MAHKEMESİ :Asliye Hukuk Mahkemesi
DAVA TÜRÜ : Kullanım Kadastrosu
Taraflar arasında görülen ve yukarıda açıklanan davada yapılan yargılama sonucunda Mahkemece verilen davanın kabulüne dair kararın davacılar vekili, davalı ... vekili, davalı ... vekili ve davalı Hazine vekili tarafından temyiz edilmesi üzerine ... (Kapatılan) 16. Hukuk Dairesinin 09.04.2021 tarihli ve 2018/461 Esas, 2021/3471 Karar sayılı ilamı ile bozulmasına karar verilmiştir. Davacılar ... ve ... vekili tarafından süresinde kararın düzeltilmesi istenmiş olmakla dosya incelendi, gereği düşünüldü:
K A R A R
Mahkemece verilen önceki karar ... (Kapatılan) 16. Hukuk Dairesince bozulmuş olup, bozma ilamında özetle "Mahkemece yapılan inceleme, araştırma ve uygulamanın karar vermek için yeterli olmadığı belirtilerek mahallinde yerel bilirkişi ve taraf tanıkları ile fen bilirkişisinin katılımıyla yeniden keşif yapılarak, 1661 ada 13 ve 14 parsel sayılı taşınmazlar arasındaki sınırın neresi olduğunun, taşınmaz bölümlerinin kim tarafından ve ne şekilde kullanıldığının maddi olaylara dayalı olarak araştırılması, mahalli bilirkişi ve tanıkların sınır olarak belirttikleri ark, duvar, ağaç vs. işaretlerin yerleri gösterilip fen bilirkişisinden raporunda işaretlemesi istenmek suretiyle keşfi denetlemeye elverişli rapor alınması, bundan sonra toplanmış ve toplanacak tüm deliller birlikte değerlendirilerek sonucuna göre bir karar verilmesi" gereğine değinilmiştir.

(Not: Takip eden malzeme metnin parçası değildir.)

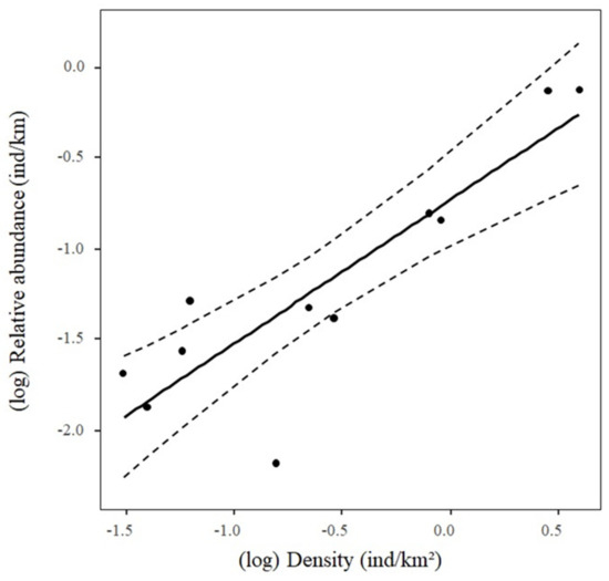 Several methodologies are available to estimate wild parrot abundances, all of them carrying different assumptions, pros and cons, and the adequate method will depend on the objectives of the study [20]. For this work, we used the relative abundance of each species, measured as the total number of individuals recorded divided by the total of km surveyed (indiv./km, [20]). This estimate of abundance has been used in other species- and community-based parrot studies [18,19,20,21,22,23,24], with the constraint that it does not account for differences in detectability among species as it is done by distance-sampling method s [22]. However, density estimates through distance sampling are not suitable for our study because (1) they cannot be obtained for rare species with a low number of contacts [22], and thus we could only model densities for 11 of the 28 study species assuming a minimum of 10 contacts per species is enough (but see [20] for the recommendation of using larger numbers of contacts for robust modelling); (2) detection distances cannot be obtained for flocks detected through vocalizations but not sighted, and thus their exclusion would underestimate densities, particularly of the smaller species; and (3) the densities obtained (indiv./km2) cannot be used as units of resource available when applying a poaching selectivity index (see below), while using the total number of individuals recorded allows it. Nonetheless, previous studies on two different parrot communities [19,21] showed that relative abundances (indiv./km) were strongly correlated to detectability-corrected density estimates (indiv./km2). We measured detection distances for assessing whether it is also the case in this study. We calculated detectability-corrected estimates of parrot densities using the software Distance [28] for 11 species for which densities could be modeled. We assumed that detection decreases monotonically with distance from the road transect [20] and modeled this process using the half-normal detection function [19]. As densities cannot be calculated using non-visual records, we recalculated the relative abundances of these 11 species excluding non-visual records to make results comparable (Table 1). Relative abundances resulted strongly correlated to density estimates (estimate: 0.80, SE = 0.15, t = 5.47, p = 0.0004, adjusted R2: 0.74; Figure 2). These results add further support to the idea that relative abundances of parrots obtained through roadside transects are good proxies of their actual abundance, especially when the high variability in abundance among species overcomes sources of sampling error such as differences in detectability [20].

Mahkemece, bozma ilamına uyularak yapılan yargılama sonunda, 08.03.2017 havale tarihli fen bilirkişisi raporu doğrultusunda davanın kabulüne, çekişmeli 1661 ada 13 parsel sayılı taşınmazın beyanlar hanesinde yazan kullanıcı şerhinin iptali ile taşınmazın tapu kaydının beyanlar hanesine bilirkişi raporunda (A) harfi ile gösterilen 369,12 metrekarelik bölümün davacılar ... ve ...’ın; (B) harfi ile gösterilen 1.495,23 metrekarelik bölümünün ise davalı ...’ın fiili kullanımında olduğu şerhinin yazılmasına karar verilmiş; hüküm, davacılar vekili, davalı Hazine vekili, davalı ... vekili ve davalı ... tarafından temyiz edilmiştir.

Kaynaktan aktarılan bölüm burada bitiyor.